WelcomeWelcome | FAQFAQ | DownloadsDownloads | WikiWiki

Author Topic: PiCore, RasPi3B and boot code nfsmount  (Read 8499 times)

Offline CentralWare

  • Administrator
  • Hero Member
  • *****
  • Posts: 1652
Re: PiCore, RasPi3B and boot code nfsmount
« Reply #30 on: February 14, 2018, 02:36:07 AM »
@curaga: Please update 5.x/armv6/nfs-utils.tcz with the following error correction:

/usr/local/etc/init.d/nfs-client Line 11
Code: [Select]
     /usr/local/sbin/sm-notify -q
with
Code: [Select]
     /usr/local/sbin/sm-notify -f
/usr/local/sbin/sm-notify: invalid option -- 'q'

https://linux.die.net/man/8/sm-notify
Over 90% of all computer problems can be traced back to the interface between the keyboard and the chair

Offline curaga

  • Administrator
  • Hero Member
  • *****
  • Posts: 10957
Re: PiCore, RasPi3B and boot code nfsmount
« Reply #31 on: February 14, 2018, 10:19:02 AM »
Sorry, I don't use ARM.
The only barriers that can stop you are the ones you create yourself.

Offline CentralWare

  • Administrator
  • Hero Member
  • *****
  • Posts: 1652
Re: PiCore, RasPi3B and boot code nfsmount
« Reply #32 on: February 14, 2018, 11:56:54 AM »
Sorry, I don't use ARM. <-- The only barriers that can stop you are the ones you create yourself. <--  :P

Actually, this is a universal TCL issue (x86/x64/etc.) and there's a hanging problem across distros when shutting down (where mounts fail dismounting for numerous reasons and hang up at either SYNC or UMOUNT -A due to a known issue in nfs-utils...  though I think I've come across an easy-enough fix, at least within rc.shutdown, which thus far has been working like a charm but in order to make rc.shutdown more stable with remote mounts (cifs, nfs, AoE, etc.) it would require a little reworking of /etc/init.d/rc.shutdown and a few self-checks implemented with the following logic:
  • *Attempt to WRITE to a dummy file on each remote mount - many of them may have sleeping hard drives, delete the file afterward
  • First, SYNC and then scan 'mount' for remote mounts and dismount each manually, NOT with umount -a
  • Next, SYNC and then kill running processes as some of these may leave the above rule open with file locks
  • Repeat the first step if any mounts are found left within the list from 'mount'
  • At this point, we've exhausted logistics, force a dismount of remote mounts and allow rc.shutdown to continue

In most cases/distros, when umount -a fails/hangs on a remote mount, there's a two minute timeout which is a while to wait, but not forever...  but it still leaves the possibility for unwritten data and/or other similar means for corruption.  The above logic helps with this a bit, but with remote mounts there's nothing I can think of which covers 100%.
Over 90% of all computer problems can be traced back to the interface between the keyboard and the chair

Offline CentralWare

  • Administrator
  • Hero Member
  • *****
  • Posts: 1652
Re: PiCore, RasPi3B and boot code nfsmount
« Reply #33 on: February 14, 2018, 09:14:37 PM »
APPLIES TO ALL ARCHITECTURES

Combination to prevent remote shares from hanging up during shut-down seems complete.
This has been tested in a LAMP environment where all services were operating during the shutdown/reboot request.
Bare in mind, I left a few notes here and there for visual aid while testing; the scripts could use a bath and minor efficiency rewrite.

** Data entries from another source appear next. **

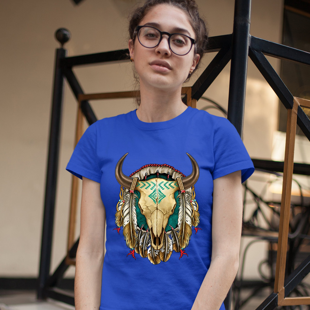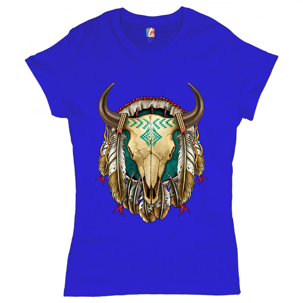 STEER SKULL DREAMCATCHER t-shirt native american indigenous culture women's tee royal blue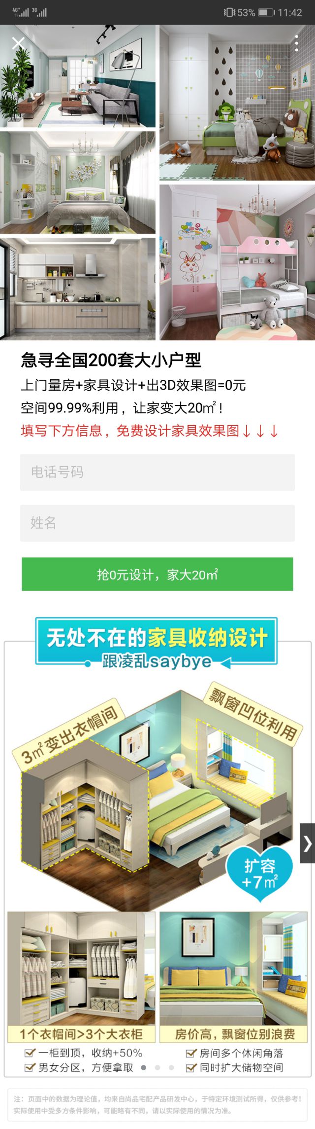 落地页的内容跟外层广告差不多,上面是家装搭配成品图,文案中最大的亮点就是“上门量房+家居设计+出3D效果图=0元”,也就是说如果我们留下联系方式,上门量房+家居设计+出3D效果图全是免费的,还能够拿刀免费 的设计家具效果图! 在落地页的下班部门 ,会跟大家简单讲述家具收纳设计的一些技巧性内容,也跟大家讲了是如何扩充房间空间的! 的整个流程体验都还不错,所以说,公司代运营公司如果大家有需要家装家具可以选择尚品宅配,如果是有自己的家装品牌也可以选择微信来做推广。
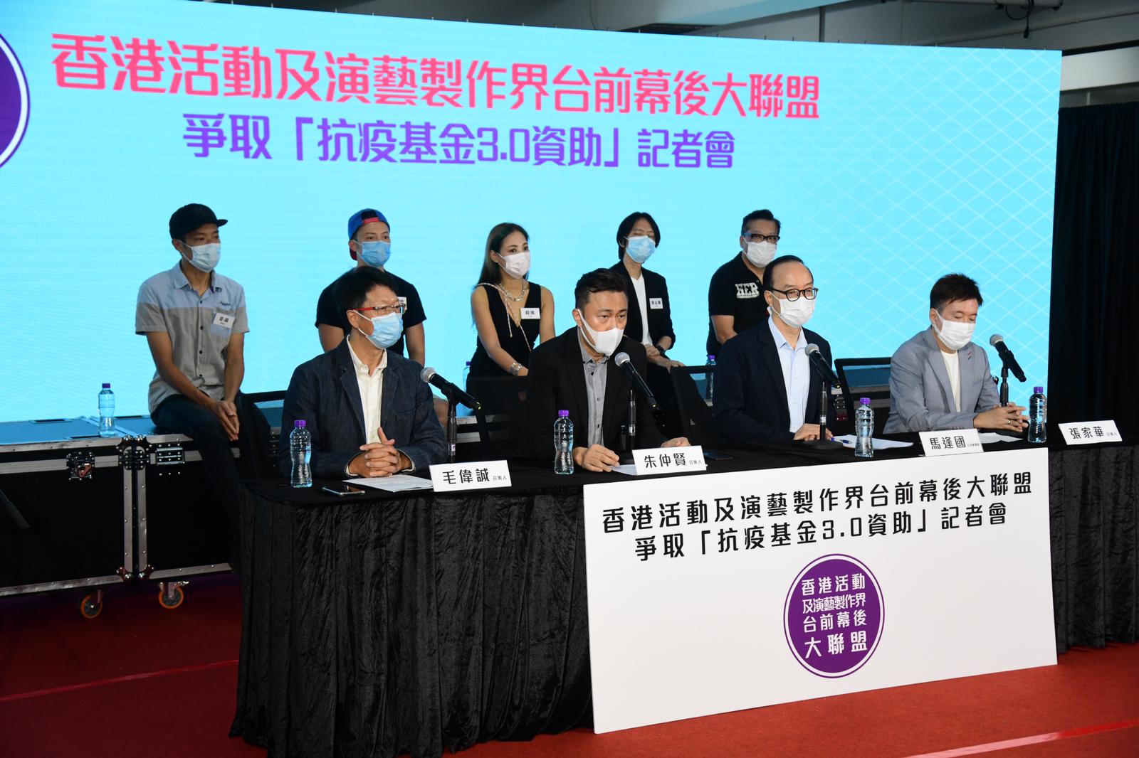 香港活動及演藝製作界台前幕後大聯盟召集人朱仲賢表示,早前向業界僱主、僱員及台前幕後自由工作者收集近1400份問卷調查,發現超過九成八僱主表示生意大幅下跌,當中近八成生意跌幅超過九成以上。另有九成僱員擔心未來3個月會被裁員,近九成八自由身工作者依賴積蓄度日或已轉行。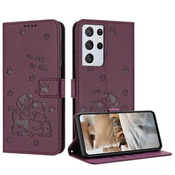 For Samsung Galaxy S21 Ultra 5G Embossed Kitten Phone Leather Case with Lanyard(Wine Red)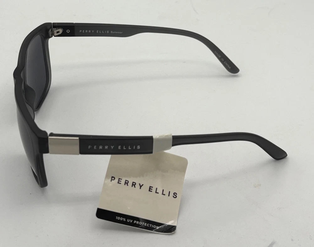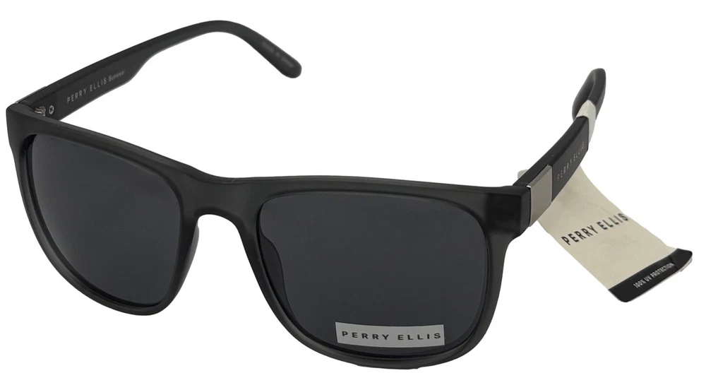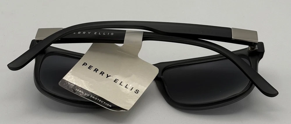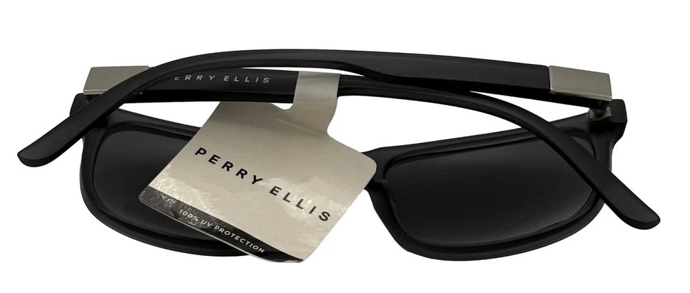 This Perry Ellis Men's Sunglasses feature a sleek Matte Black Plastic frame with Brown Plastic lenses in a Square style. The model PE102 offers 100% UV protection, making it a stylish and functional accessory for sunny days. With a designer theme, these sunglasses are a fashionable choice for men looking to elevate their eyewear collection. The temple length is 145mm, providing a comfortable fit for everyday wear. Size: 51. 18. 145 Height: 50mm Classic style 100% UV Protection Regular Retail: $75.00 You Pay: $24.99, Only Now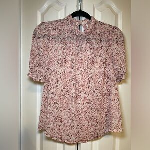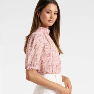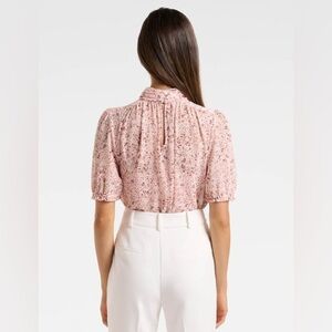 Ever New - Spring Casual Vintage-Inspired Pink Floral Blouse with High Neck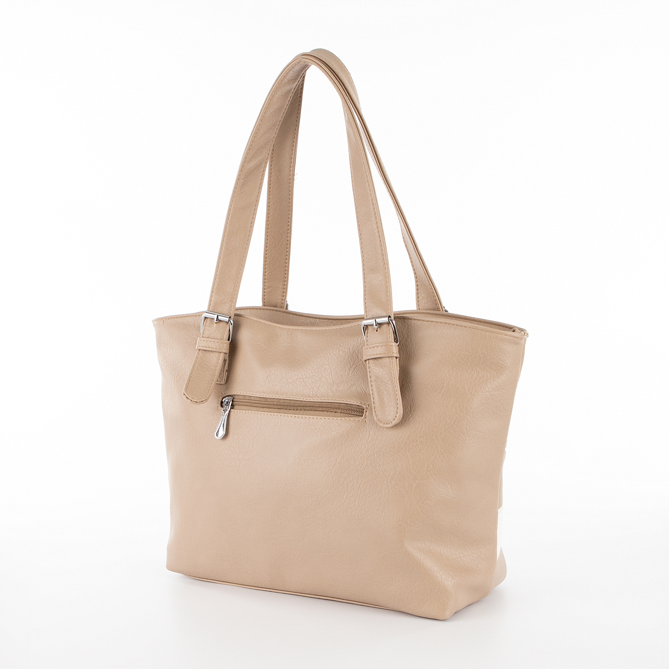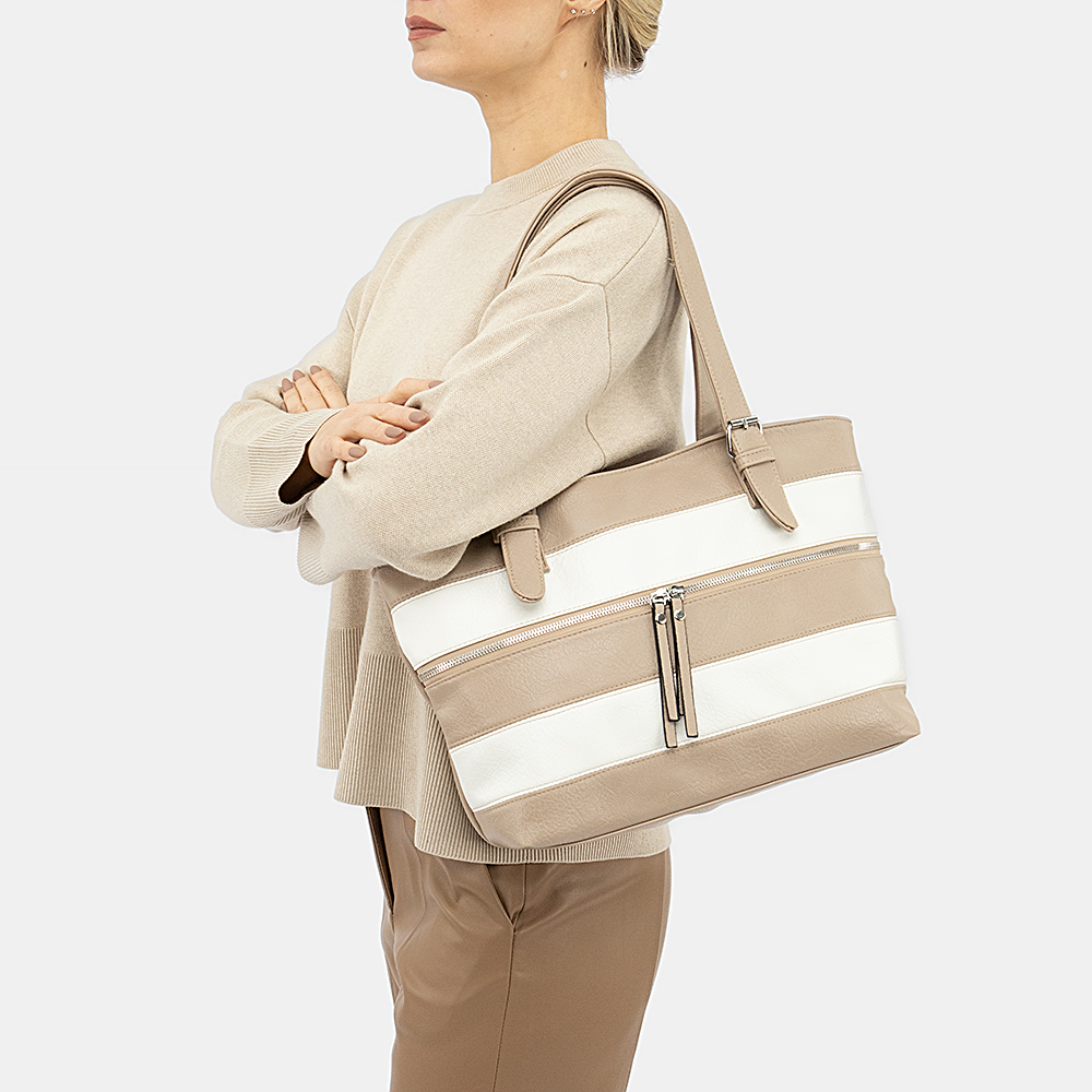 Повседневная сумка от торговой марки Passo Avanti из искусственной кожи с полосками белого и кофейного цвета. Модель с двумя удлиненными ручками. Отделение на молнии, с текстильной подкладкой. Внутри: средник и карман на молнии, накладной карман. На задней стороне – карман на молнии, на передней – карман на молнии с двумя бегунками, декорированными кожаными пуллерами.

In /etc/init.d/tc-config immediately before extensions are loaded, add:
Code: [Select]
## Find the largest PID and save it in /tmp/pid_start ##
maxpid=0
ps -a | grep -v USER | awk '{print $1}' > /tmp/pidlist
while read -r item
do
    if [ $item -gt $maxpid ]; then maxpid=$item; fi
done < /tmp/pidlist
echo $maxpid > /tmp/pid_start
rm /tmp/pidlist
This allows us to get an idea of what processes existed PRIOR to extensions being loaded.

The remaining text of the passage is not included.